I was told I wouldn’t be allowed to go past 37 weeks as per NICE guidelines.2 At 33 weeks my obstetrician informed me I now had type 2 diabetes. The test for antibodies was negative and I would now need to wait for induction until 38 weeks. To be told I had another week trying to keep my baby alive simply destroyed me beyond words. Fast forward to my 36 week appointment and my obstetrician informs me that I am now a gestational diabetic and won’t be induced until 39 weeks, and that I would not require insulin following delivery. I have never had a panic attack previously but, on reflection, I had one that day. My baby wasn’t coming out alive, I simply couldn’t cope for three more weeks like this. Forgetting all I do for other women - empowering them to feel safe, loved and supported, the very essence of being a strong woman able to birth babies - all of that had long gone from my mind.
I took a second opinion, I demanded an induction at 37 weeks. I got it; induction of labour for anxiety. I feel angry when I look back at that even now. Wouldn’t you? I had detached myself from associating with being pregnant, self preservation and protection from what I knew was coming, either I was going to die, he was going to die or we both were.
My induction was absolutely horrific, hyper-stimulating on the propess,3 so many vaginal examinations that I was red raw and screaming, my husband crying in fear that I was genuinely dying. I was taken to the labour ward, the artificial rupture of membranes helped soothe the hormones, and my smallest baby at 6lb 14oz was born … ALIVE!
The morning I delivered, my obstetrician was on shift. As I had taken a second opinion against her advice she made derogatory comments about me to colleagues that were later fed back to me. I let her know what I thought, felt and hoped would be different for others.
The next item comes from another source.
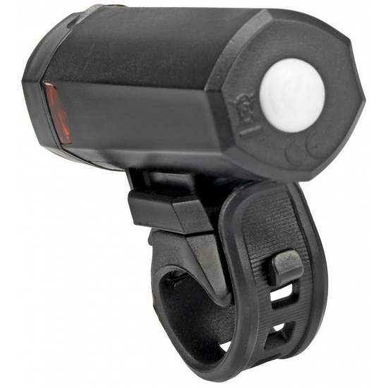Azimut Hexagon 40lm + Rubin 5LED is a bicycle light set with batteries. The front light is equipped with 1 Watt LED with max visible light at very high 40 lumens. Front lamp mounting bracket features quick release function for quick and easy lamp removal/install. Front lamp bracket is 360 degree adjustable. Water proof lamp bodies are made of light and durable plastic. Both leamps feature toolless lamp mount with elastic rubber strap. Rear lamp can be mounted on seatpost vertical and horizontal.

I was sent home, with no insulin, but a live baby. That oxytocin bubble is incredible and I felt on top of the world. I was relieved I could leave this all behind and begin to rebuild my life. Months later I was diagnosed with type one diabetes and the journey since then, now five years, has not been easy. Given my time again, I would have had my home birth, even as a diabetic, as I believed somewhere that all was going to be fine. But sadly I allowed myself to be lost in the world of doctors' opinions and their ‘evidence’ and lost complete control of mine.
I am no longer a midwife, I suffered trauma as a result of my pregnancy, and disability discrimination, and have stepped away completely and de-registered from the NMC.
Author Bio: Victoria Rixon is an ex-NHS midwife with type 1 diabetes. Founder of the With Woman Movement, she is striving for change and safer maternity.
1 Editor’s note: Hypo anxiety, also known as hypoglycemia anxiety, is when you're worried your blood glucose level (blood sugars) will go too low.
2 Editor’s note: NICE guidelines are guidance - not the law. They always stress that options must also be offered and the patient’s decision respected.
3 Editor’s note: Propess is a form of a hormone called prostaglandin. It is administered vaginally in a small removable ‘bag’ with the intention of softening the cervix in preparation for the next stage of induction. Occasionally it will trigger the labour without further steps being required. Sometimes it causes contractions that are too strong (hyperstimulation).